Gulf's dolphins pay heavy price for Deepwater oil spill
A new study of dolphins living close to the site of North America's worst ever oil spill – the BP Deepwater Horizon catastrophe two years ago – has established serious health problems afflicting the marine mammals.
The report, commissioned by the National Oceanic and Atmospheric Administration [NOAA], found that many of the 32 dolphins studied were underweight, anaemic and suffering from lung and liver disease, while nearly half had low levels of a hormone that helps the mammals deal with stress as well as regulating their metabolism and immune systems.
More than 200m gallons of crude oil flowed from the well after a series of explosions on 20 April 2010, which killed 11 workers. The spill contaminated the Gulf of Mexico and its coastline in what President Barack Obama called America's worst environmental disaster.
The research follows the publication of several scientific studies into insect populations on the nearby Gulf coastline and into the health of deepwater coral populations, which all suggest that the environmental impact of the five-month long spill may have been far worse than previously appreciated.
Another study confirmed that zooplankton – the microscopic organisms at the bottom of the ocean food chain – had also been contaminated with oil. Indeed, photographs issued last month of wetland coastal areas show continued contamination, with some areas still devoid of vegetation.
The study of the dolphins in Barataria Bay, off the coast of Louisiana, followed two years in which the number of dead dolphins found stranded on the coast close to the spill had dramatically increased. Although all but one of the 32 dolphins were still alive when the study ended, lead researcher Lori Schwacke said survival prospects for many were grim, adding that the hormone deficiency – while not definitively linked to the oil spill – was "consistent with oil exposure to other mammals".
Schwacke told a Colorado based-publication last week: "This was truly an unprecedented event – there was little existing data that would indicate what effects might be seen specifically in dolphins – or other cetaceans – exposed to oil for a prolonged period of time."
The NOAA study has been reported at the same time as two other studies suggesting that the long-term environmental effects of the Deepwater Horizon spill may have been far more profound than previously thought.
A study of deep ocean corals seven miles from the spill source jointly funded by the NOAA and BP has found dead and dying corals coated "in brown gunk". Deepwater corals are not usually affected in oil spills, but the depth and temperatures involved in the spill appear to have been responsible for creating plumes of oil particles deep under the ocean surface, which are blamed for the unprecedented damage.
Charles Fisher, one of the scientists who jointly described the impact as unprecedented, said he believed the colony had been contaminated by a plume from the ruptured well which would have affected other organisms. "The corals are long-living and don't move. That is why we were able to identify the damage but you would have expected it to have had an impact on other larger animals that were exposed to it."
Chemical analysis of oil found on the dying coral showed that it came from the Deepwater Horizon spill.
The latest surveys of the damage to the marine environment come amid continued legal wrangling between the US and BP over the bill for the clean-up. BP said the US government was withholding evidence that would show the oil spill from the well in the Gulf of Mexico was smaller than claimed. Last week BP, which has set aside $37bn (£23bn) to pay for costs associated with the disaster, went to court in Louisiana to demand access to thousands of documents that it says the Obama administration is suppressing.

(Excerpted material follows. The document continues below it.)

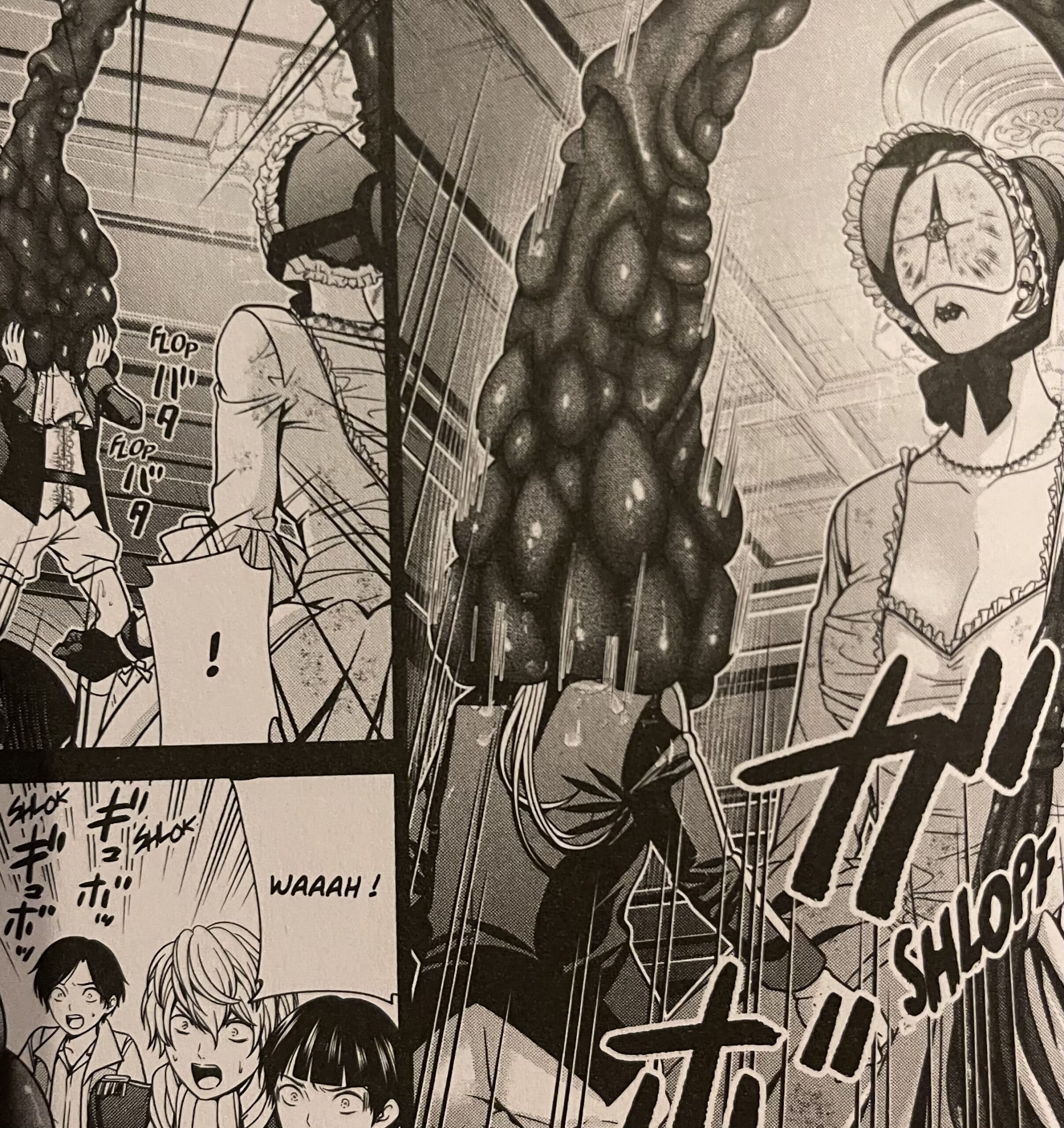 Dès les premières pages, on sent que l’auteur a décidé d’élever l’horreur d’un cran jusqu’à provoquer en nous le même dégoût que ressentent les protagonistes face à leur sort. Notamment grâce à ses visuels toujours aussi précis et explicites. Tous les ingrédients sont réunis. Qu’il s’agisse des gâteaux confectionnés à base de têtes de lycéens ou bien des meurtres perpétrés par ce nouveau bourreau : Marie Antoinette. Son objectif est d’ailleurs bien plus cruel que précédemment : confectionner un collier à partir de membres choisis sur ses victimes.

The US government is still pursuing a case against BP despite a deal the company reached at the beginning of March with the largest group of private claimants. That $7.8bn deal, however, does not address "significant damages" to the environment after the spill for which BP has not admitted liability. And it has not only been the immediate marine environment that has been affected. A study of insect populations in the coastal marshes affected by the catastrophe has also identified significant impact.
Linda Hooper-Bui of Louisiana State University found that some kinds of insect and spider were far less numerous than before. "Every single time we go out there, the Pollyanna part of me thinks, 'Now we're going to measure recovery'," she said. "Then I get out there and say: 'Whaaat?'"
She had expected that one group of arthropods might be hit hard while others recovered, but her work, still incomplete, shows a large downturn among many kinds. "We never thought it would be this big, this widespread," she said.
For its part BP has claimed in a recent statement that it has worked hard to fulfil its responsibility to clean up after the spill. "From the beginning, BP stepped up to meet our obligations to the communities in the Gulf Coast region, and we've worked hard to deliver on that commitment for nearly two years," BP chief executive Bob Dudley declared recently.